An Asian American activist group is calling for an awards boycott of director Paul Thomas Anderson's "Licorice Pizza" over its use of a fake Asian accent.
In the film, a white male restaurateur, played by John Michael Higgins, speaks to his Japanese wife with a fake Asian accent. He appears again in the film with another Japanese woman, his new wife, and he repeats the attempted gag.
While the film has garnered overwhelmingly positive reviews and generated a ton of awards buzz, some critics and people on social media blasted it for its depiction of racism without any pushback from its characters.
"Due to the casual racism found in the movie 'Licorice Pizza,' the Media Action Network for Asian Americans (MANAA) believes that Paul Thomas Anderson's film is not deserving of nominations in the categories of Best Picture, Best Director, or Best Original screenplay, and is asking other film critic associations to pass over it this awards season," MANAA said in a statement Dec. 18.
"To shower it with nominations and awards would normalize more egregious mocking of Asians in this country, sending the message that it's OK to make fun of them," the group said, noting the spike in anti-Asian hate crimes during the coronavirus pandemic.
Anti-Asian hate crimes increased by more than 73 percent in 2020, according to corrected data the FBI released in October.
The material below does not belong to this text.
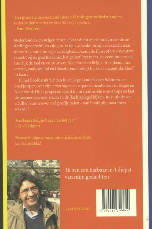 ‘Het grootste misverstand tussen Vlamingen en Nederlanders is dat ze denken dat ze dezelfde taal spreken.’ – Paul Wouters. Nederlanders en Belgen zitten elkaar dicht op de huid, maar de onderlinge verschillen zijn groter dan je denkt. In zijn zoektocht naar de wortels van hun eigenaardigheden komt de filosoof Paul Wouters terecht bij de geschiedenis, het geloof, het recht, de economie en natuurlijk de taal en cultuur van Nederland en België. Al kijkend, luisterend, analyserend en filosoferend brengt hij een aanzienlijke kloof in kaart. In het hoofdstuk ‘Leiden in de Lage Landen’ doet Wouters een boekje open over zijn ervaringen als organisatieadviseur in België en Nederland. Hij is gespecialiseerd in interculturele workshops en laat de deelnemers met elkaar in de (lach)spiegel kijken. Juist uit de verschillen kunnen we veel profijt halen – van hoofdpijn naar meerwaarde! Nederland-België is de ’terugwedstrijd’ van het boek België-Nederland dat de filosoof Paul Wouters (1950) publiceerde in 2005. Destijds woonde de schrijver als Belg in Nederland en tegenwoordig is hij, na bijna dertig Nederlandse jaren, weer neergestreken in het land waar hij is geboren en getogen. Daar wordt hij nu door zijn landgenoten ervaren als ‘nen Hollander’. Van 1983 tot 2001 was Wouters directeur van de Internationale School voor Wijsbegeerte in Leusden. Sedert 2002 werkt hij als organisatieadviseur, tegenwoordig vanuit zijn eigen onderneming Sensation & Reflection, met Antwerpen als uitvalsbasis. Hij is ook de auteur van het praktijkgerichte filosofieboek Denkgereedschap 2.0: Een filosofische onderhoudsbeurt (2010). Op de site www.paulwouters.be staat de ‘Online Dilemmatoets voor Nederlanders en Belgen’ die aansluit bij hoofdstuk 11 van het boek, ‘Leiden in de Lage Landen’. Welke keuzes maakt u als Nederlander of als Belg, in vergelijking met de buren?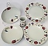 Tre mattallrikar, dia 28 cm Tre djupa tallrikar, dia 23,5 cm En kanna, höjd 13 cm.

That was a disproportionate uptick compared to hate crimes in general, which rose by 13 percent.
A representative for Higgins and Anderson did not respond to multiple requests for comment.
Anderson addressed the criticism in an interview last month with The New York Times, in which the Times journalist said the accent was “so offensive that my audience actually gasped.”
Anderson responded: “I think it would be a mistake to tell a period film through the eyes of 2021. You can’t have a crystal ball, you have to be honest to that time. Not that it wouldn’t happen right now, by the way. My mother-in-law’s Japanese and my father-in-law is white, so seeing people speak English to her with a Japanese accent is something that happens all the time. I don’t think they even know they’re doing it.”
Sociologist Nancy Wang Yuen has previously said that while Anderson acknowledged that the movie was a "period" piece, the scenes still depicted racism “unfiltered.”
“If there are no consequences, scenes like this can almost glorify this behavior,” Yuen said. “You’re not laughing at [Higgins’ character] because he’s making fun of someone else. You’re either laughing with him at the expense of Asians or you’re going to be upset as a viewer.”
MANAA said the "cringeworthy" scenes did "not advance the plot in any way" and reinforced "the notion that Asian Americans are 'less than' and perpetual foreigners."
The film, which rolled out in limited release over Thanksgiving weekend, is a coming-of-age comedy-drama that stars Alana Haim (of the band Haim) and Cooper Hoffman (the son of the late Philip Seymour Hoffman), two young people growing up in the San Fernando Valley of California in the 1970s.